* _Data excerpts_:
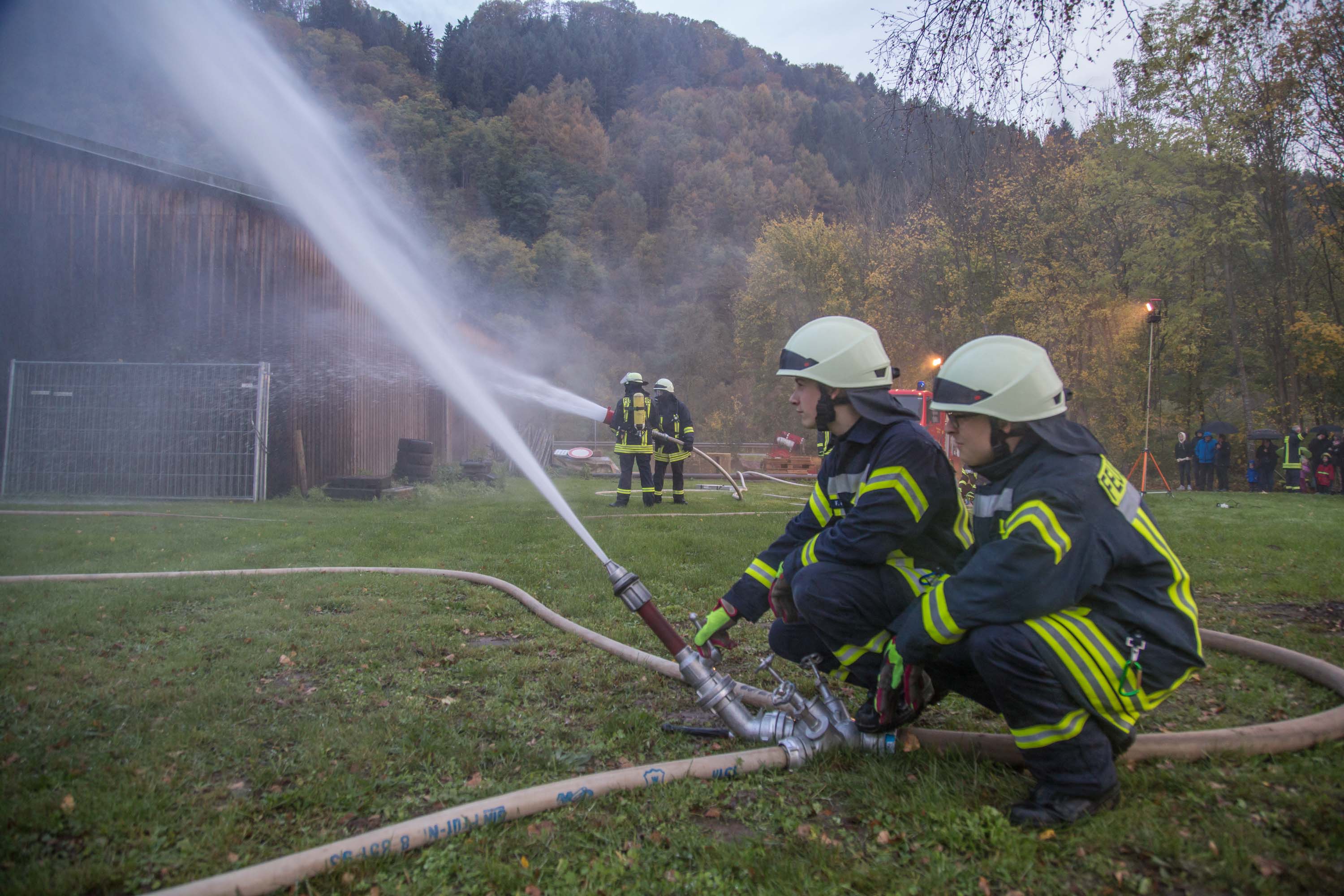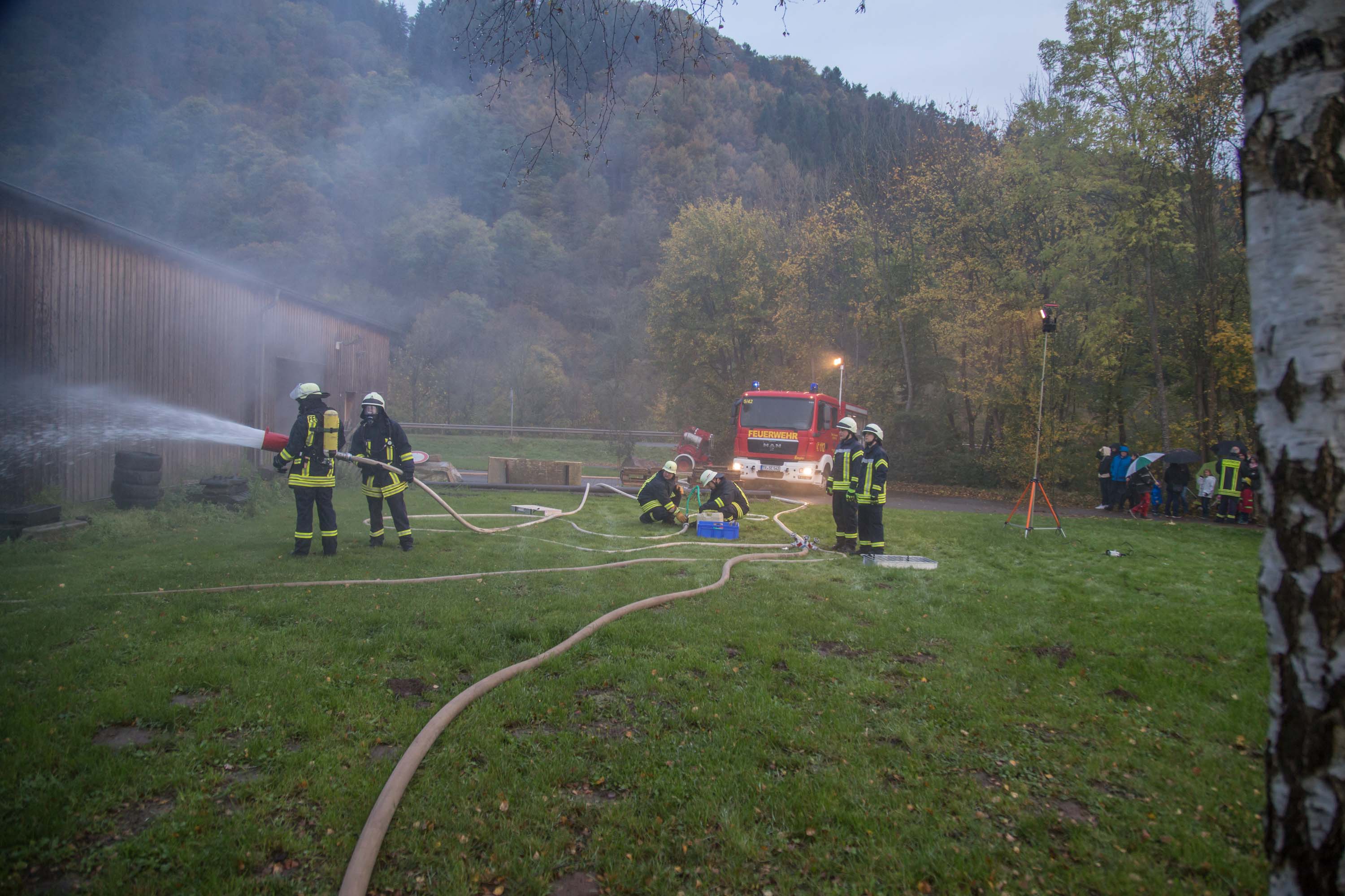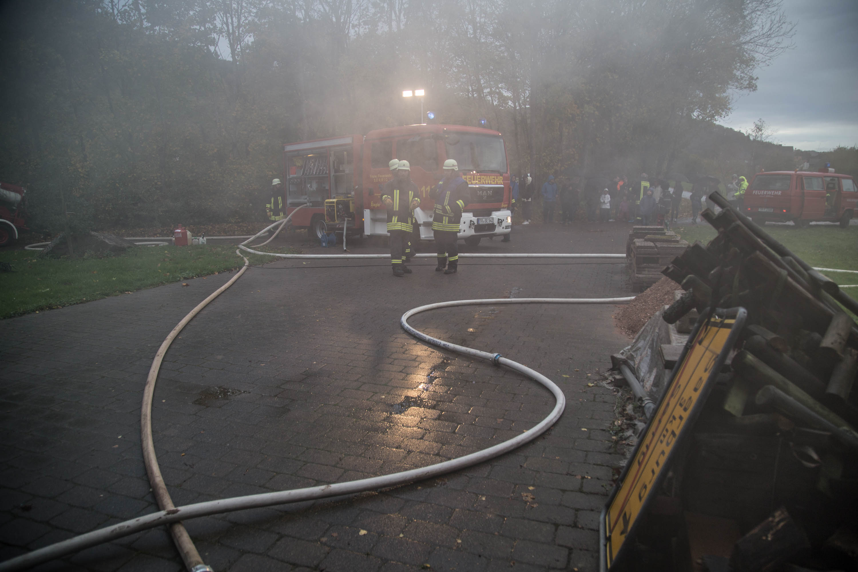Zahlreiche Zuschauer verfolgten die Übung trotz leichten Regens. Der Wehrführer der Feuerwehr Serrig, Reinhard Breidt, moderierte die Übung und erklärte den Zuschauern die Vorgehensweise der Feuerwehr genau.
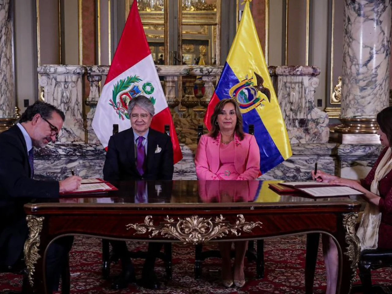 Lasso llegó a la capital peruana al mediodía de este miércoles y por la tarde comenzó sus actividades oficiales con una primera visita al Palacio de Gobierno, donde fue recibido con honores y se reunió con Boluarte, tras lo cual ambos gobernantes asistieron a la suscripción de acuerdos bilaterales.
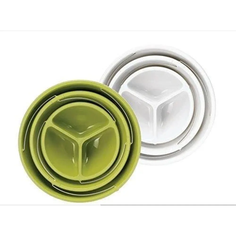 Миска с 3 уровнями отличается уникальным дизайном, которая открывается простым поворотом и складывается для удобного хранения. Кроме того, верхний лоток предлагает 3 отсека для небольших закусок.
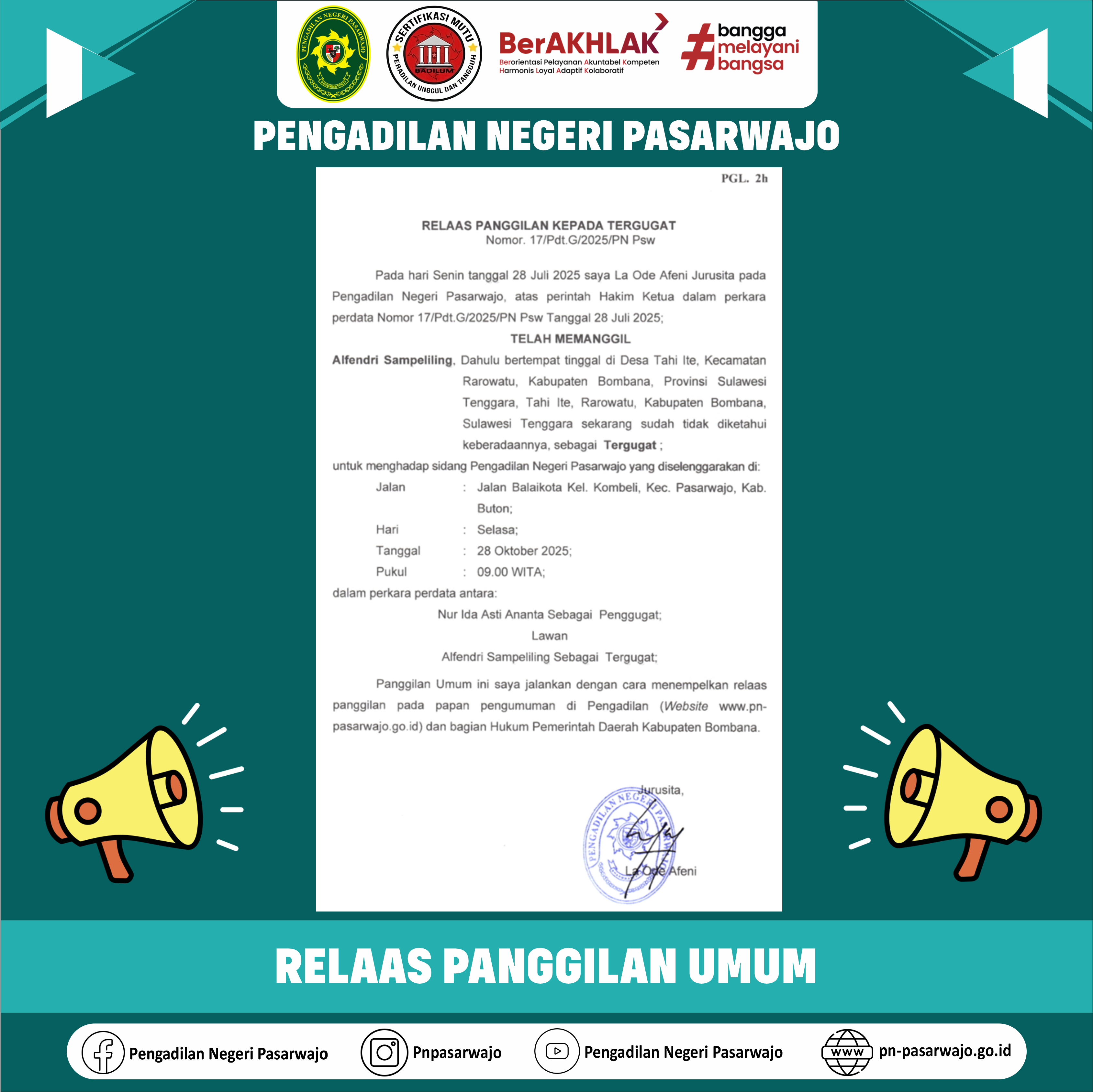 Pasarwajo | Senin 28 Juli 2025, Diberitahukan Panggilan Umum kepada Tergugat Perkara Nomor 17/Pdt.G/2025/PN Psw a.n ALFENDRI SAMPELILING yang dahulu bertempat tinggal di Desa Tahi Ite, Kecamatan Rarowatu, Kabupaten Bombana, Provinsi Sulawesi Tenggara, Tahi Ite, Rarowatu, Kabupaten Bombana, Sulawesi Tenggara namun sekarang sudah tidak diketahui lagi tempat tinggal/keberadaannya di wilayah NKRI. Agar Tergugat a.n ALFENDRI SAMPELILING datang ke Persidangan Pengadilan Negeri Pasarwajo pada hari Selasa, tanggal 28 Oktober 2025 pukul 09:00 WITA.
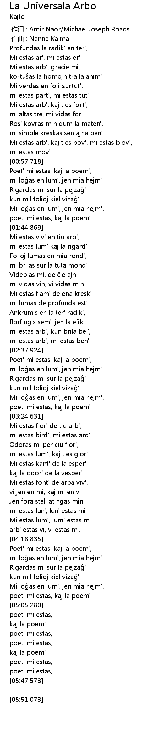 | [00:45.493] | Mi estas arb', kaj ties pov', mi estas blov', |
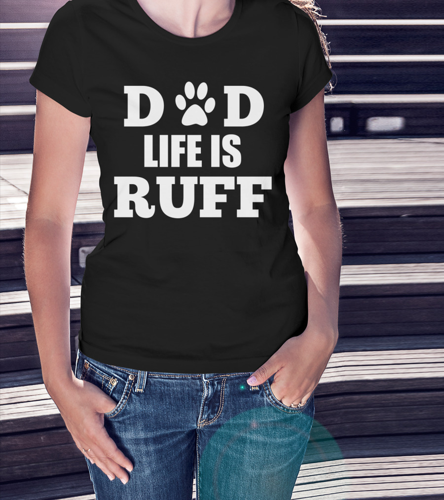 Dad Life Is Ruff Mens Funny Dog Paw Print Humor T-Shirt

* _What you should do_: Every line above should be output exactly, except for the pictures.

* _Result of this task_:
Zahlreiche Zuschauer verfolgten die Übung trotz leichten Regens. Der Wehrführer der Feuerwehr Serrig, Reinhard Breidt, moderierte die Übung und erklärte den Zuschauern die Vorgehensweise der Feuerwehr genau.
 Lasso llegó a la capital peruana al mediodía de este miércoles y por la tarde comenzó sus actividades oficiales con una primera visita al Palacio de Gobierno, donde fue recibido con honores y se reunió con Boluarte, tras lo cual ambos gobernantes asistieron a la suscripción de acuerdos bilaterales.
 Миска с 3 уровнями отличается уникальным дизайном, которая открывается простым поворотом и складывается для удобного хранения. Кроме того, верхний лоток предлагает 3 отсека для небольших закусок.
 Pasarwajo | Senin 28 Juli 2025, Diberitahukan Panggilan Umum kepada Tergugat Perkara Nomor 17/Pdt.G/2025/PN Psw a.n ALFENDRI SAMPELILING yang dahulu bertempat tinggal di Desa Tahi Ite, Kecamatan Rarowatu, Kabupaten Bombana, Provinsi Sulawesi Tenggara, Tahi Ite, Rarowatu, Kabupaten Bombana, Sulawesi Tenggara namun sekarang sudah tidak diketahui lagi tempat tinggal/keberadaannya di wilayah NKRI. Agar Tergugat a.n ALFENDRI SAMPELILING datang ke Persidangan Pengadilan Negeri Pasarwajo pada hari Selasa, tanggal 28 Oktober 2025 pukul 09:00 WITA.
 | [00:45.493] | Mi estas arb', kaj ties pov', mi estas blov', |
 Dad Life Is Ruff Mens Funny Dog Paw Print Humor T-Shirt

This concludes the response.